====== Data for this task
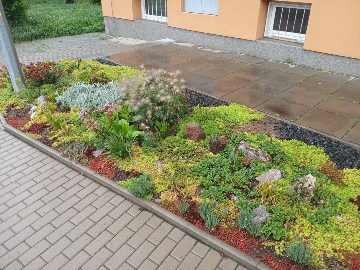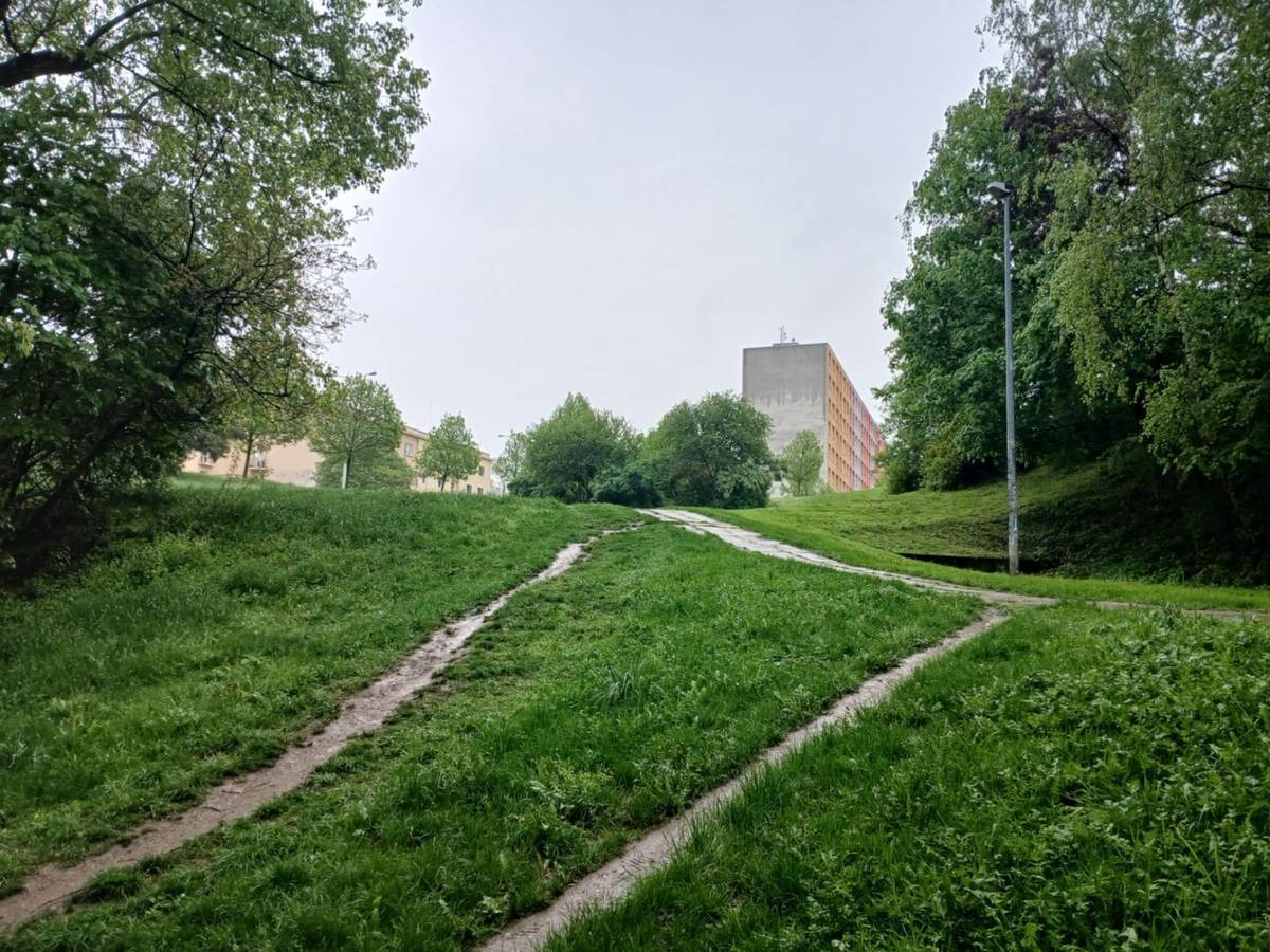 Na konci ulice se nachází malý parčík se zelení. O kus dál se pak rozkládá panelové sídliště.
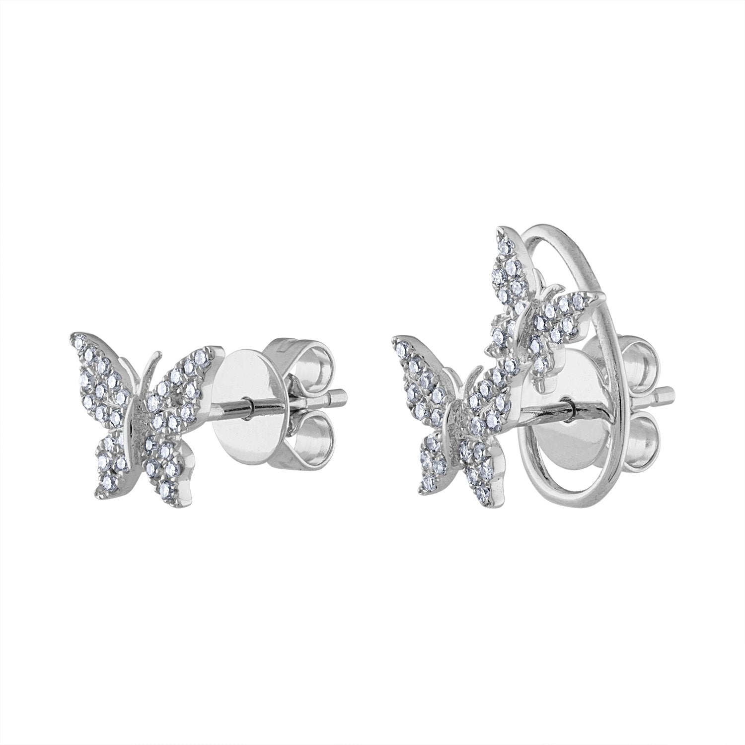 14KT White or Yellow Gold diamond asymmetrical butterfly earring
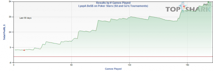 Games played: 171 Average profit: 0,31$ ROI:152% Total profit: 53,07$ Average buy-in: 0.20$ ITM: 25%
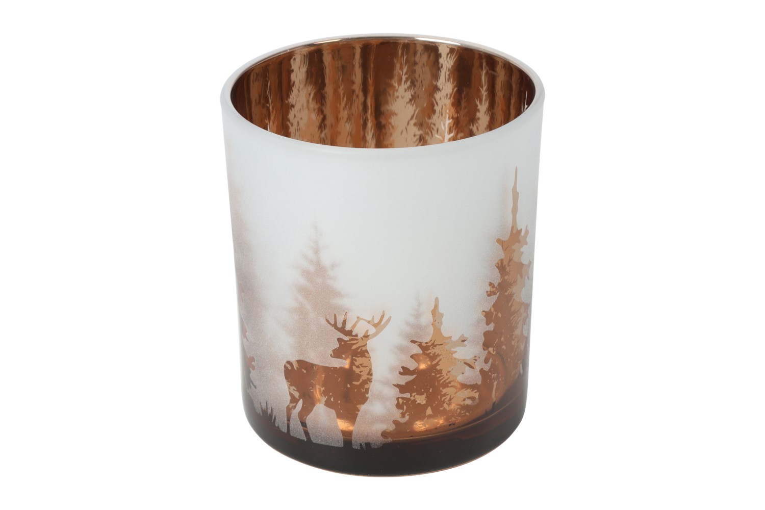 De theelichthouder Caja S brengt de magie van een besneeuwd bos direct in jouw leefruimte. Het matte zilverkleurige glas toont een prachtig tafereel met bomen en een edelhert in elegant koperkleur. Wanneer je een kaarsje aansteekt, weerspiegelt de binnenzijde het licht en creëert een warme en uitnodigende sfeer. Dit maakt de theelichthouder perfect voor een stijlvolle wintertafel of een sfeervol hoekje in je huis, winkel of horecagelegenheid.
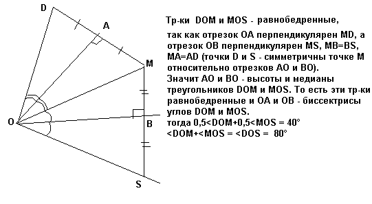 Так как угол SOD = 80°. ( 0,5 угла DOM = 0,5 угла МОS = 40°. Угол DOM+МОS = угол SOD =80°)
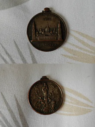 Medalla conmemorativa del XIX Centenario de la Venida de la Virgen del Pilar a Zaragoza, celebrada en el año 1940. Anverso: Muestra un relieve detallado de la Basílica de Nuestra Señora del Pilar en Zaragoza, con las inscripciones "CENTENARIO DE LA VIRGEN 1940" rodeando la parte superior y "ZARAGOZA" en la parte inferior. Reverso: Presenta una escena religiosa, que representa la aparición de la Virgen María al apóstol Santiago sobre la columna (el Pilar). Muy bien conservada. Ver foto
============
Exercise directions -
Copy out every entry exactly as written, but not the pictures.

Reply to the exercise -
 Na konci ulice se nachází malý parčík se zelení. O kus dál se pak rozkládá panelové sídliště.
 14KT White or Yellow Gold diamond asymmetrical butterfly earring
 Games played: 171 Average profit: 0,31$ ROI:152% Total profit: 53,07$ Average buy-in: 0.20$ ITM: 25%
 De theelichthouder Caja S brengt de magie van een besneeuwd bos direct in jouw leefruimte. Het matte zilverkleurige glas toont een prachtig tafereel met bomen en een edelhert in elegant koperkleur. Wanneer je een kaarsje aansteekt, weerspiegelt de binnenzijde het licht en creëert een warme en uitnodigende sfeer. Dit maakt de theelichthouder perfect voor een stijlvolle wintertafel of een sfeervol hoekje in je huis, winkel of horecagelegenheid.
 Так как угол SOD = 80°. ( 0,5 угла DOM = 0,5 угла МОS = 40°. Угол DOM+МОS = угол SOD =80°)
 Medalla conmemorativa del XIX Centenario de la Venida de la Virgen del Pilar a Zaragoza, celebrada en el año 1940. Anverso: Muestra un relieve detallado de la Basílica de Nuestra Señora del Pilar en Zaragoza, con las inscripciones "CENTENARIO DE LA VIRGEN 1940" rodeando la parte superior y "ZARAGOZA" en la parte inferior. Reverso: Presenta una escena religiosa, que representa la aparición de la Virgen María al apóstol Santiago sobre la columna (el Pilar). Muy bien conservada. Ver foto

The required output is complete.